Segment Start: GIVEN DATA

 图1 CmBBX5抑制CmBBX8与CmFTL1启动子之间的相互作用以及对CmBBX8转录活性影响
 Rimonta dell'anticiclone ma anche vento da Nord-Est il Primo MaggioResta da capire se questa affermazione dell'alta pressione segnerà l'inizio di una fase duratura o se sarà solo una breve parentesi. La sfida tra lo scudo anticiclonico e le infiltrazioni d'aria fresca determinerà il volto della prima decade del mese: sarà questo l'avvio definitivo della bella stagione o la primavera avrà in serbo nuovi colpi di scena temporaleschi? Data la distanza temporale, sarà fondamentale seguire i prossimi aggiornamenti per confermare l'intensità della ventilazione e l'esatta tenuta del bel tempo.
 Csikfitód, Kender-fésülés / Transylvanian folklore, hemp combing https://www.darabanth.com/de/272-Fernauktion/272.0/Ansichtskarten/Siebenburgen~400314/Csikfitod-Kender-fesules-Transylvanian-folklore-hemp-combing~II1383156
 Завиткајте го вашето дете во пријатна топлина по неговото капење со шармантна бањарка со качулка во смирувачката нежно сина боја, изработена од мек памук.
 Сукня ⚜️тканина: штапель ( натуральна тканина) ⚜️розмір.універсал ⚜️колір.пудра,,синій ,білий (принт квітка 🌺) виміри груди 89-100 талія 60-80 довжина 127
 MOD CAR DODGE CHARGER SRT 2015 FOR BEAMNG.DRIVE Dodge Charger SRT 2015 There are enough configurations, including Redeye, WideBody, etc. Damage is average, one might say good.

Segment End: GIVEN DATA
Segment Start: GIVEN DATA

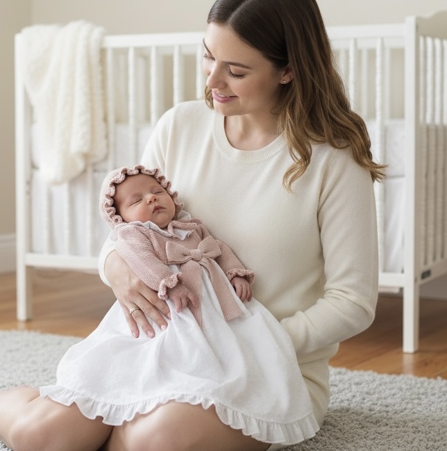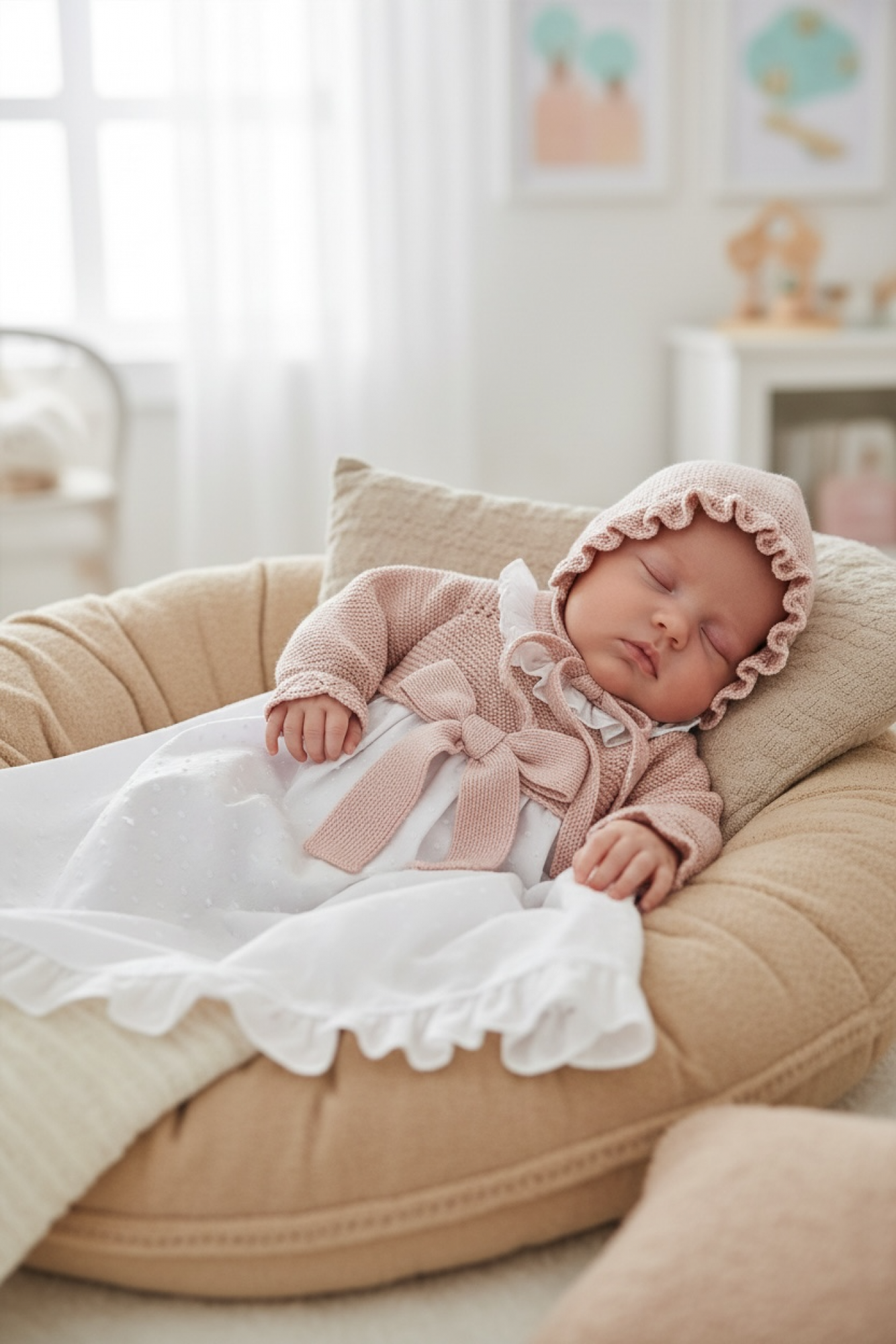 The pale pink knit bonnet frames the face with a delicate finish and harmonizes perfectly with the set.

Segment End: GIVEN DATA

Look above for the line containing "Csikfitód, Kender-fésülés /" and the line containing "Сукня ⚜️тканина: штапель". Transcribe both, with the lines between them, exactly.

> [ANSWER SPACE]
 Csikfitód, Kender-fésülés / Transylvanian folklore, hemp combing https://www.darabanth.com/de/272-Fernauktion/272.0/Ansichtskarten/Siebenburgen~400314/Csikfitod-Kender-fesules-Transylvanian-folklore-hemp-combing~II1383156
 Завиткајте го вашето дете во пријатна топлина по неговото капење со шармантна бањарка со качулка во смирувачката нежно сина боја, изработена од мек памук.
 Сукня ⚜️тканина: штапель ( натуральна тканина) ⚜️розмір.універсал ⚜️колір.пудра,,синій ,білий (принт квітка 🌺) виміри груди 89-100 талія 60-80 довжина 127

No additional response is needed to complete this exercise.